Dromedario. Giuseppina intentó memorizar la palabra, pero fue imposible debido a todo lo que sentía ante la proximidad de Vito, de su silencio, de su misteriosa sonrisa.
Los títeres se movían muy lentamente, sin embargo sus ropas coloridas y las voces de los titiriteros mantenían la tensión. Ambos llevaban máscaras de madera y hablaban dialecto; a veces gritaban, o susurraban con una voz tan baja que los niños debían acercarse para poder oír. Hombres y mujeres, de pie alrededor del escenario, miraban en silencio cautivados por las leyendas de Carlomagno que habían oído miles de veces.
De pronto, por detrás de la multitud, vieron a sus hermanos y a su padre, y entonces se alejaron. Tomaron el camino que conducía al mirador. Allí se detuvieron apenas unos segundos para contemplar la vista: ella vio las rocas a través del agua verde y cristalina que bañaba la playa, y la almadraba con las redes, y los vecinos que paseaban por el pueblo custodiados por los barcos de guerra anclados en el Golfo.
Escalaron la ladera de la montaña hasta alcanzar una gruta escondida. Al llegar a la entrada, Vito le pidió que se cubriera los ojos para que la sorpresa fuera aún mayor. Giuseppina se llevó una mano a los ojos mientras su hermano se internaba en la gruta.

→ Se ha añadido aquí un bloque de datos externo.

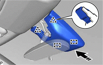AVISO: No toque la lente de la cámara. (c) Conecte el conector para instalar la cámara de reconocimiento hacia delante. 2. INSTALE EL CIERRE DE RECONOCIMIENTO DELANTERO (a) Enganche las 4 guías y las 2 garras como se muestra en la ilustración para colocar el cierre de reconocimiento hacia delante.

Oyó un rumor de arenilla y piedras.
­ - Ya podés mirar – dijo Vito.
Estaba montado en una motocicleta, la cabeza cubierta por un casco y, en los ojos, unas gafas enormes de motociclista.
Giuseppina sonrió.  
­-   ¿De dónde sacaste eso?
­-   Me la prestó un amigo. ¿Venís?
Ella dudó un momento, pero al fin se montó en la motocicleta y se echaron a andar. Bajo el sol, se dirigieron hacia el oeste a través de las montañas. Con los ojos cerrados, Giuseppina sentía el aire del mar pegándole en el rostro y se aferraba con fuerzas a su hermano, animada por el equilibrio imperfecto de la motocicleta, el olor a gasolina y el sol ardiente de agosto.
Bordearon el mar, cruzaron campos de viñedos cargados de uvas, entre higueras y olivares plateados. Poco a poco, Giuseppina fue olvidando cada uno de sus temores; ahora, al sentir el cuerpo de Vito pegado al suyo, la posibilidad de vivir una eternidad en el infierno le resultaba una condena ínfima para aquel momento de felicidad.  

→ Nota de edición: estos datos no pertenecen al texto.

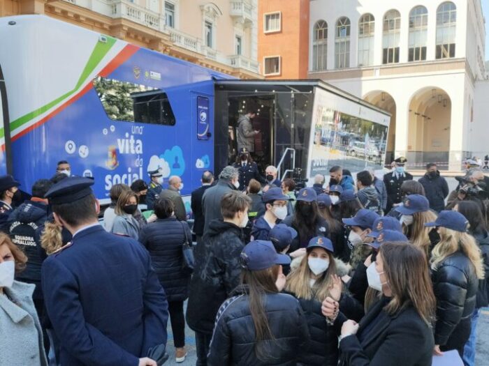 Sensibilizzazione i giovani sui rischi connessi all’utilizzo della rete internet.  E’ questo il contributo dato questa mattina in piazza Amendola dalla Polizia di Stato che stamani facendo tappa con il Truck “Una vita da social”, allestito con un’aula didattica multimediale ha permesso l’incontro di studenti, genitori e insegnanti con gli operatori della Polizia Postale e delle Comunicazioni che hanno spiegato i fenomeni connessi alla violenza in rete, analizzando, con un linguaggio diretto ed efficace, i pericoli presenti sui social network nonché le tematiche  del cyberbullismo. All’appuntamento, un’occasione importante per sensibilizzare e far conoscere un fenomeno che negli anni si è diffuso sempre di più, soprattutto tra gli adolescenti dove il bullismo e negli ultimi anni il cyberbullismo, trovano terreno fertile c’erano il prefetto di Salerno Francesco Russo,  il Vicario del Questore Pasquale Picone, sua eccellenza Monsignor Andrea Bellandi, altri rappresentanti istituzionali.

Más adelante, el camino se convirtió en un sendero de tierra cercado por arbustos que al pasar les arañaban las piernas. Vito detuvo la motocicleta, y ambos descendieron de ella.
­-   Debemos continuar a pie – dijo.
Se adentraron a pie en el monte, donde no corría ninguna brisa y el aire permanecía quieto, tibio y húmedo. Giuseppina se detuvo a ver una flor, una delgada línea de color rojo dividía los pétalos blancos y se difuminaba al llegar a los bordes. Giró sobre sus talones: frente a ella, un arbusto de largos tallos con flores amarillas. Decidió cortar algunas, pero en ese momento sintió un ardor y se llevó una mano a la nuca, gritando.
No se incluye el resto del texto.